- _Task to complete_: Could you copy exactly the lines below, beginning at the line with "Otro punto clave: el" and stopping after the line with "und Additiven unterstützen.", with no pictures?

- _Recorded information_:

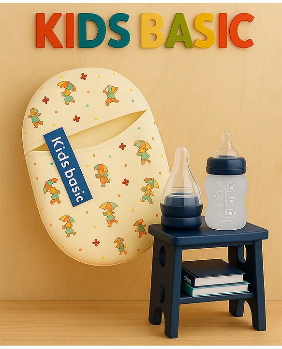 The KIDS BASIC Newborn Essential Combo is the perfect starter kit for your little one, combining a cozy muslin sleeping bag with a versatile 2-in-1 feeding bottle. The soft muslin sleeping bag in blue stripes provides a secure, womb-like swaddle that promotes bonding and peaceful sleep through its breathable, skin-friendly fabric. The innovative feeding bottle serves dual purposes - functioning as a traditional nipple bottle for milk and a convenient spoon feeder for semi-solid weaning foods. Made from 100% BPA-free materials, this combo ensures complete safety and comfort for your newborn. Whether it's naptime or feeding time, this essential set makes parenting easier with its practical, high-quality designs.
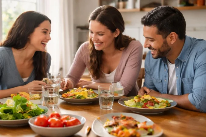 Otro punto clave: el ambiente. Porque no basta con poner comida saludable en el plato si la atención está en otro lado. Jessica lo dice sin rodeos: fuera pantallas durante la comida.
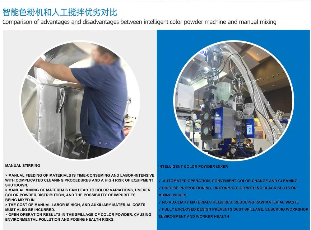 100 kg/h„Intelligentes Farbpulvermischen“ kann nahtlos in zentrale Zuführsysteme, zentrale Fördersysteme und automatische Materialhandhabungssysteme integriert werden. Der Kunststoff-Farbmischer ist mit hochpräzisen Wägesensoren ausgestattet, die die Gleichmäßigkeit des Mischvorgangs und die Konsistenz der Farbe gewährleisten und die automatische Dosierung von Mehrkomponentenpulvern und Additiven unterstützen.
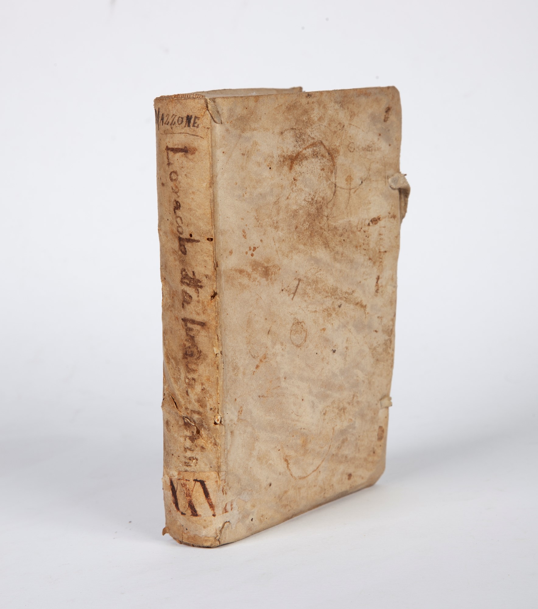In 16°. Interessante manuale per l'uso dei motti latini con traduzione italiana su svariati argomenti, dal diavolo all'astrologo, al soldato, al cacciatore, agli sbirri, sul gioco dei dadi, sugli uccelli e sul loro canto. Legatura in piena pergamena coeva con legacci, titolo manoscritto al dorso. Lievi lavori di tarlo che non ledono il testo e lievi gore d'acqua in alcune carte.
---
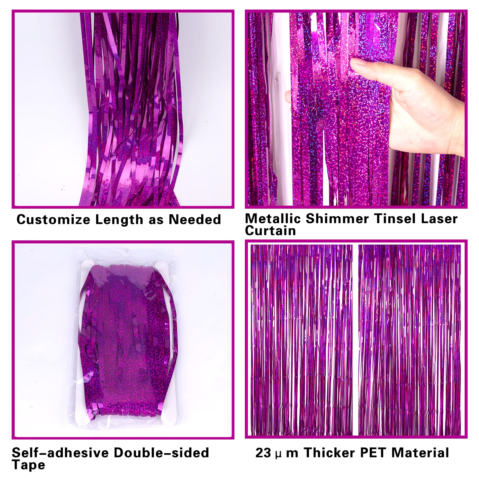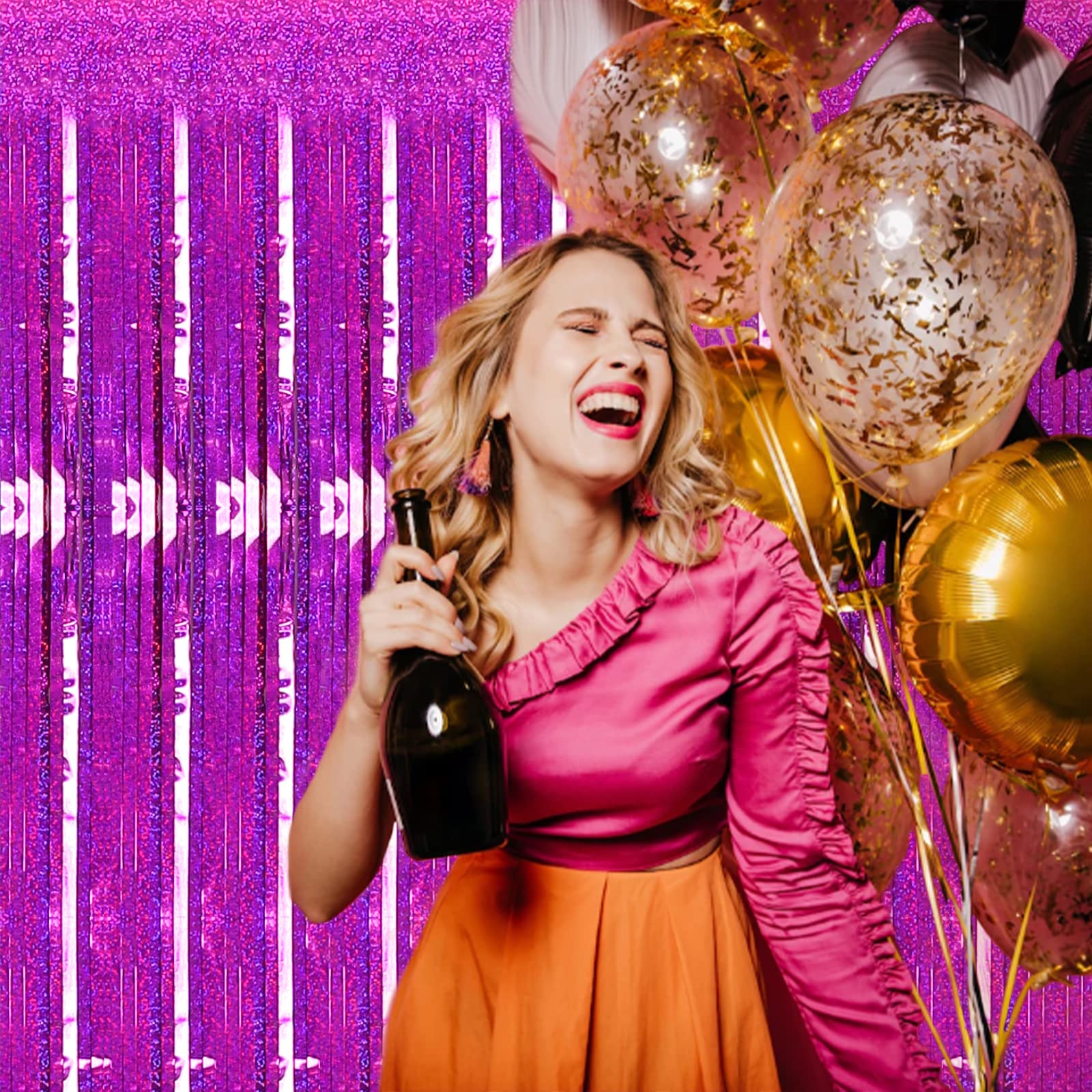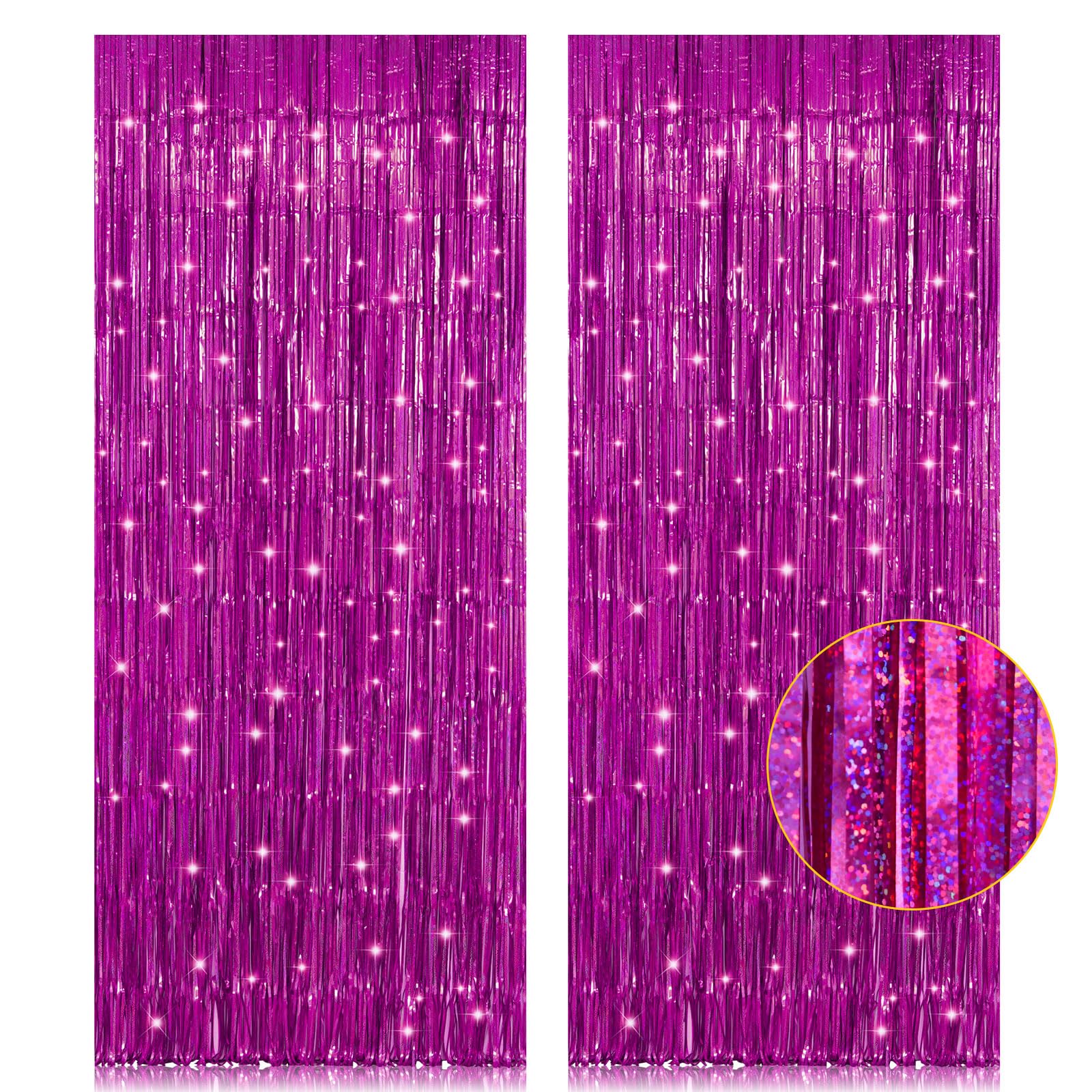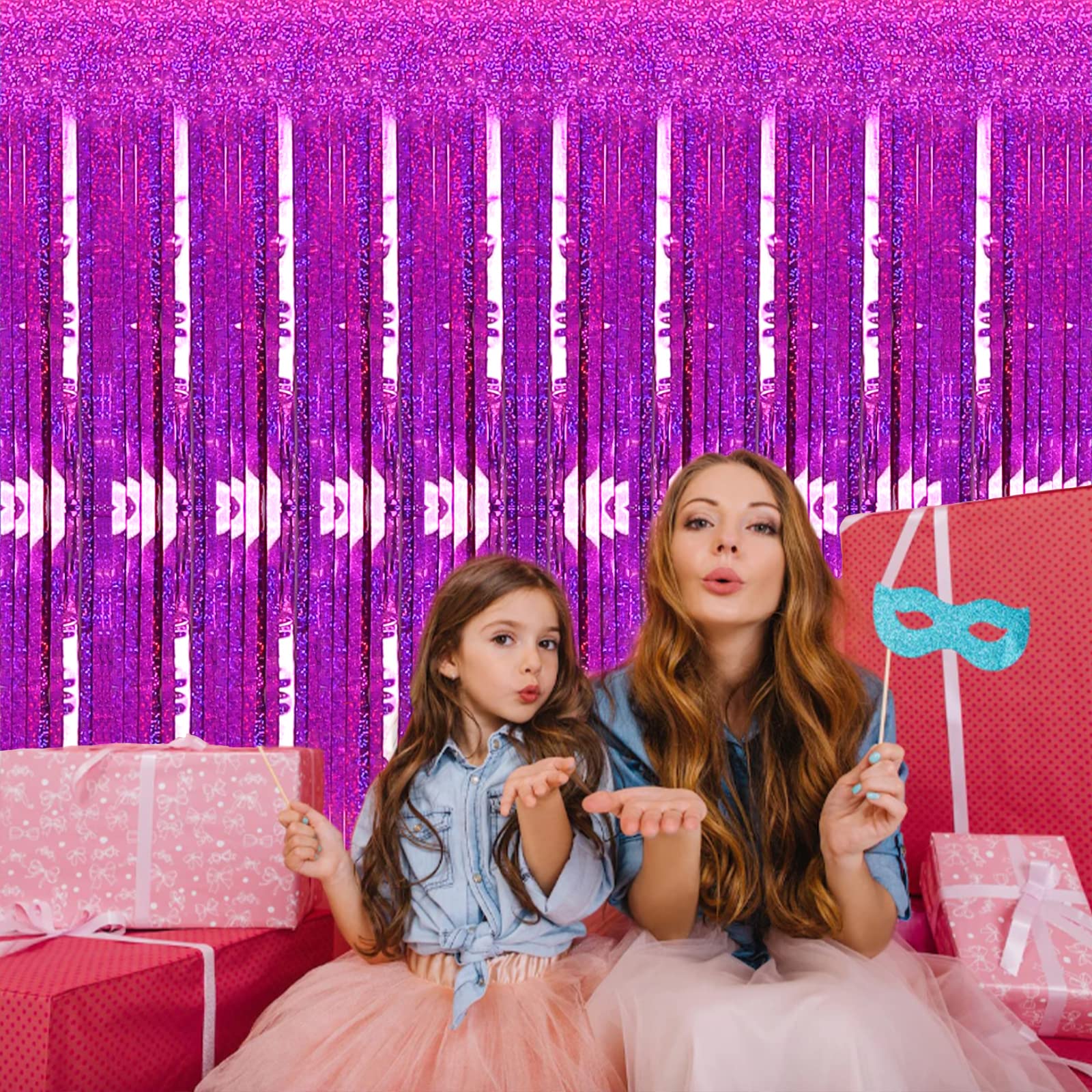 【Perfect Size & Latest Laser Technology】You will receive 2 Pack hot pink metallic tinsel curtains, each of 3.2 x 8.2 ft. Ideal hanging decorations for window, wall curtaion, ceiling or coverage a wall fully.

- _Result for this task_:
 Otro punto clave: el ambiente. Porque no basta con poner comida saludable en el plato si la atención está en otro lado. Jessica lo dice sin rodeos: fuera pantallas durante la comida.
 100 kg/h„Intelligentes Farbpulvermischen“ kann nahtlos in zentrale Zuführsysteme, zentrale Fördersysteme und automatische Materialhandhabungssysteme integriert werden. Der Kunststoff-Farbmischer ist mit hochpräzisen Wägesensoren ausgestattet, die die Gleichmäßigkeit des Mischvorgangs und die Konsistenz der Farbe gewährleisten und die automatische Dosierung von Mehrkomponentenpulvern und Additiven unterstützen.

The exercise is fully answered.